◆ **Instructions to follow**
The needed output is the run of lines below from the one containing "Chuyên ĐỀ BÁO" through the one containing "近日,财政部、全国妇联联合发", copied exactly and free of pictures.

◆ **Source data**
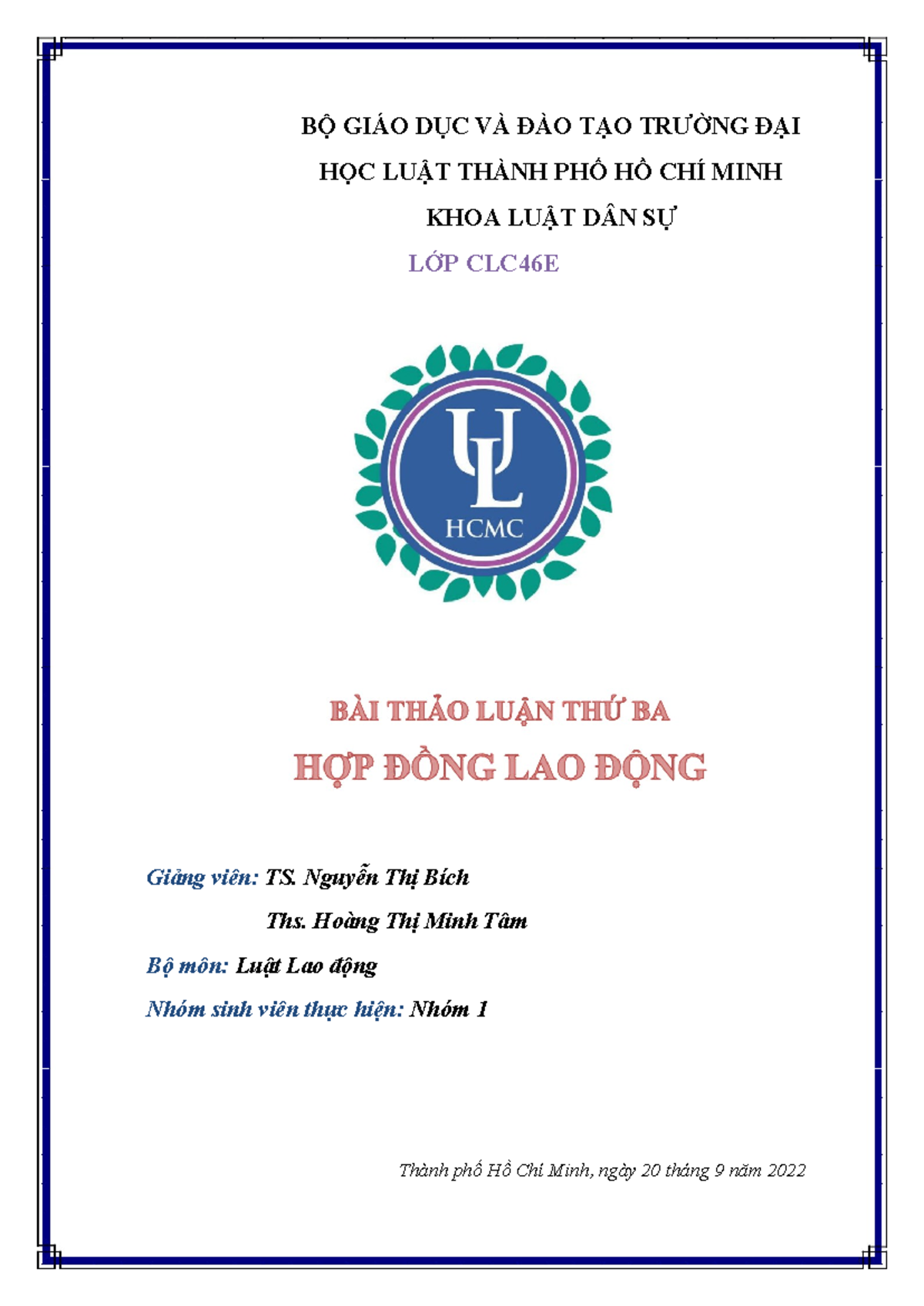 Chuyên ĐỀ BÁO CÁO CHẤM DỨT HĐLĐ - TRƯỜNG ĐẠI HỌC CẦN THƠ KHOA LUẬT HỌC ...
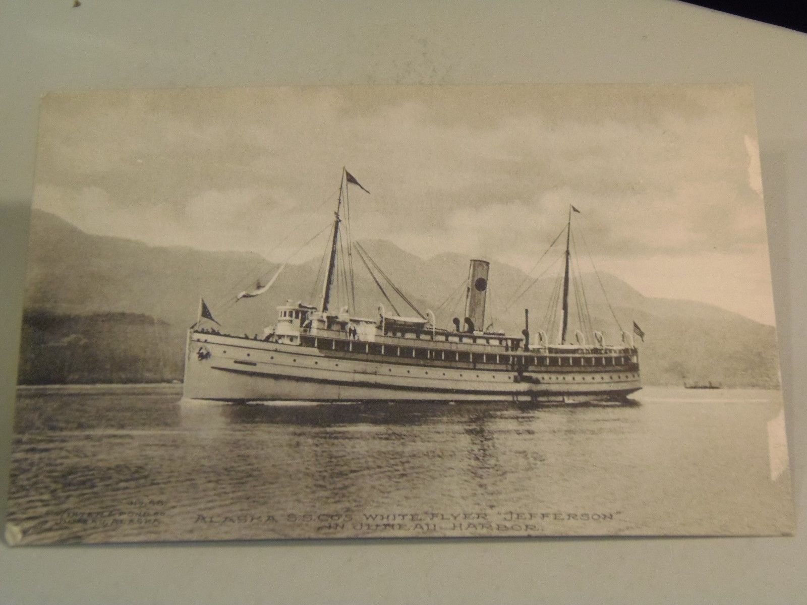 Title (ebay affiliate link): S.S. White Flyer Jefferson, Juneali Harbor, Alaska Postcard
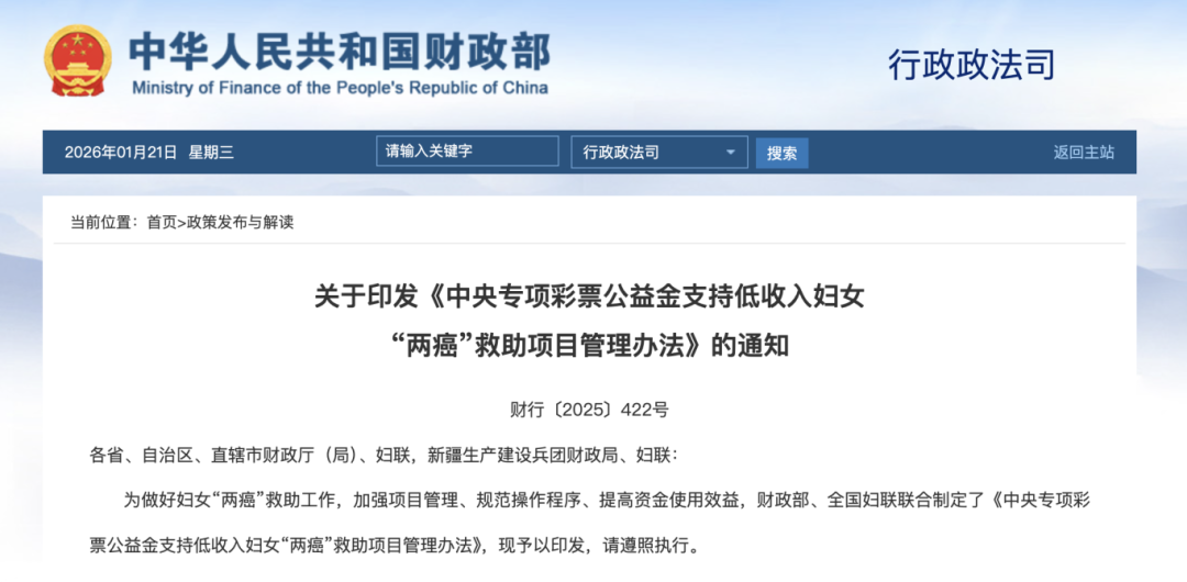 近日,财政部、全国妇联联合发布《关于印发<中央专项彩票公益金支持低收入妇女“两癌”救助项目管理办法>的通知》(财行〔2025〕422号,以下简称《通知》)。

---

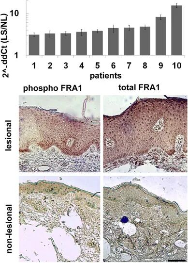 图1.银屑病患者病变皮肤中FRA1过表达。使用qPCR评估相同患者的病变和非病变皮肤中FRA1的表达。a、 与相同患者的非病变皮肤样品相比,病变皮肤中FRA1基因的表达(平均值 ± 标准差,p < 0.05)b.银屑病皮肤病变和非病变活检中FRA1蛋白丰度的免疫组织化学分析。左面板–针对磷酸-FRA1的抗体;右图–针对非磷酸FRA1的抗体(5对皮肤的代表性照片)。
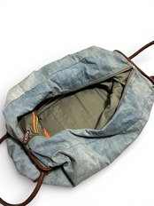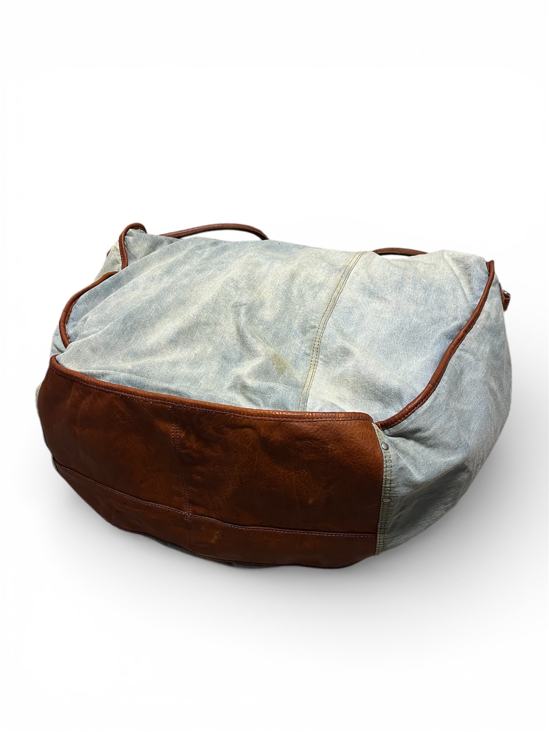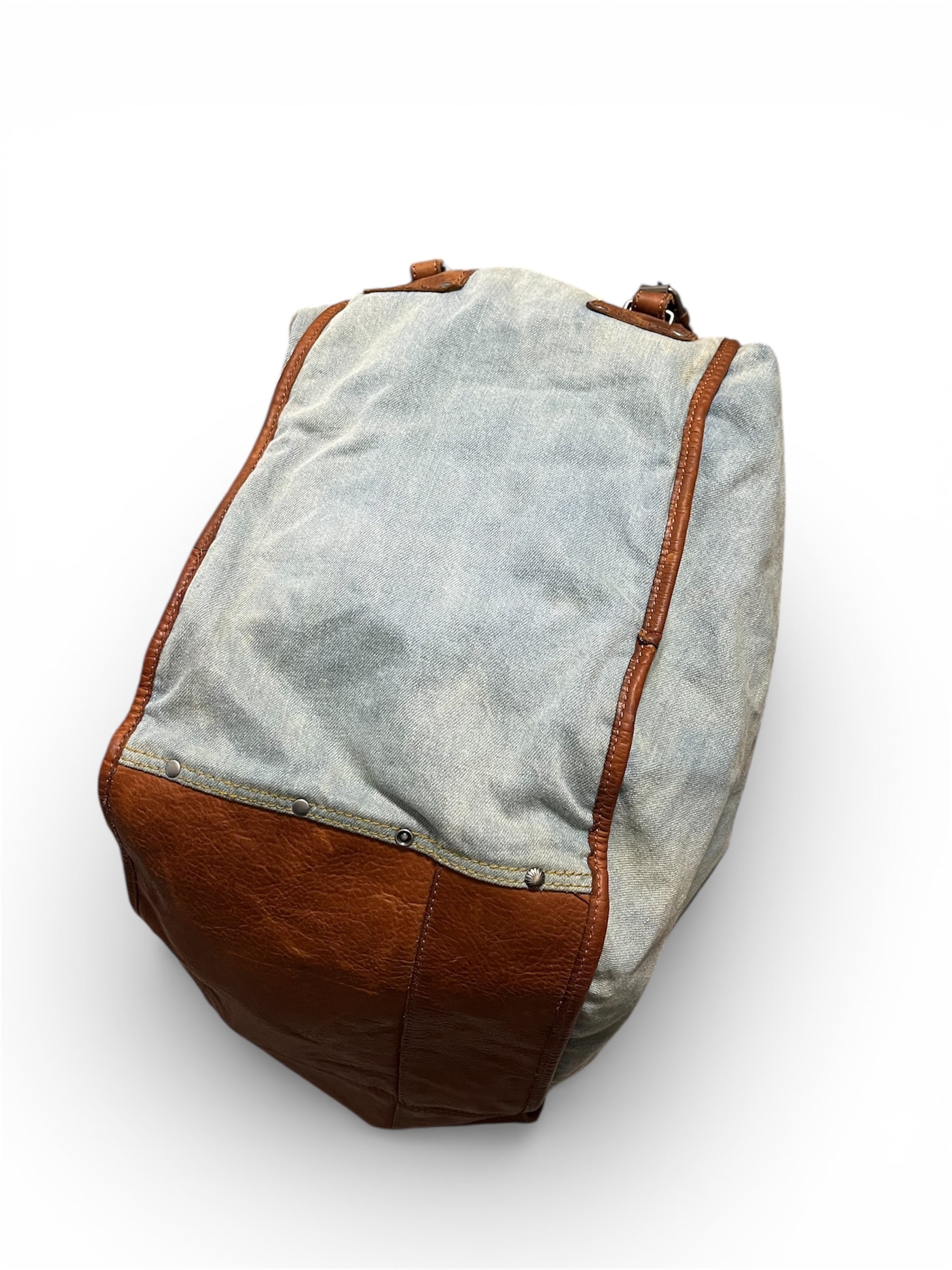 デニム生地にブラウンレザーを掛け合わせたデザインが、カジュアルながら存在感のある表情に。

◆ **Written response**
 Chuyên ĐỀ BÁO CÁO CHẤM DỨT HĐLĐ - TRƯỜNG ĐẠI HỌC CẦN THƠ KHOA LUẬT HỌC ...
 Title (ebay affiliate link): S.S. White Flyer Jefferson, Juneali Harbor, Alaska Postcard
 近日,财政部、全国妇联联合发布《关于印发<中央专项彩票公益金支持低收入妇女“两癌”救助项目管理办法>的通知》(财行〔2025〕422号,以下简称《通知》)。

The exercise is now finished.